I also find it quite interesting how deliberately he seems to mix his opinions with work by READ-It by hosting a collection of interviews and writings about his Long Covid recovery there:
https://web.archive.org/web/2024052...r-discusses-his-experience-of-having-covid-19


But what irritates me by far the most: Why does his name popup on newer "studies" of the lowest possible quality?
"Interventions for the management of long covid (post-covid condition): living systematic review" https://www.bmj.com/content/387/bmj-2024-081318/rapid-responses

Here‘s an excerpt from a review:

"I would like to draw particular attention to the misleading sentence at the start of the Discussion: "Our systematic review and meta-analysis of 24 trials comprising 3695 patients with long covid identified moderate certainty evidence that an online CBT programme probably improves fatigue and concentration..."

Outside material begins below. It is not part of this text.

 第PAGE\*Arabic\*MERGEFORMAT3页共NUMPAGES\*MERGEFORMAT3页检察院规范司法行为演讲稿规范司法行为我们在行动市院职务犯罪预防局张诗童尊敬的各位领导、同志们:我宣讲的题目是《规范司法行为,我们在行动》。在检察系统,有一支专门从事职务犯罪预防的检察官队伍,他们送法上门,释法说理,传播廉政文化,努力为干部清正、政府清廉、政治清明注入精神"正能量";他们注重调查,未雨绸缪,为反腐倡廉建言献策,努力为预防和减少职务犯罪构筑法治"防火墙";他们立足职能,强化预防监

In reality, this conclusion is based not on a meta-analysis of 3695 patients but on the results of a single small trial with a sample size of 114, [1] which the review authors themselves judged to be at high risk of bias in more than one domain, according to the information presented in the Supplementary Data file.
 
A lot of recent posts are covering things that were raised/discussed way back.

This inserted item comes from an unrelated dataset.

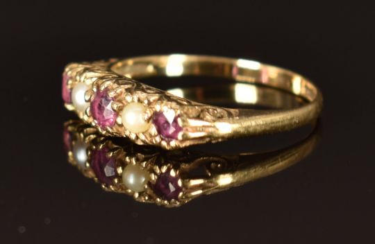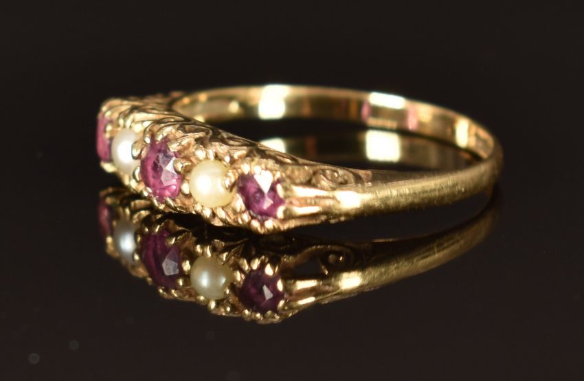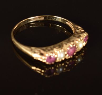 A 9ct gold ring set with pearls and rubies, size M, 1.6g

I really recommend that if people 'newish' to the forum or ME, are able to, that they have a read from the beginning as the whole thing unfolded.
It is an eye opener to see how Garner changes his tune, although @Esther12 did pick up quite early on his unease with associating whatever he was suffering from with ME.
 
A lot of recent posts are covering things that were raised/discussed way back.

I really recommend that if people 'newish' to the forum or ME, are able to, that they have a read from the beginning as the whole thing unfolded.
It is an eye opener to see how Garner changes his tune, although @Esther12 did pick up quite early on his unease with associating whatever he was suffering from with ME.
There are ~2500 posts in this thread, so reading everything might be difficult.
 
Shouldn’t have done it in full view of people with eyes, in public places then. Whilst being on national telly complaining about being so unwell.
As best as I can tell, in all of his 100+ media appearances and interviews, no one has ever asked him about any of this, so it's not as if it matters.

That's how easy it is to push an establishment narrative, no one ever asks anything awkward or looks into blatant contradictions. Meanwhile we basically have to account for every time someone threw a cup in anger at being unfairly ejected.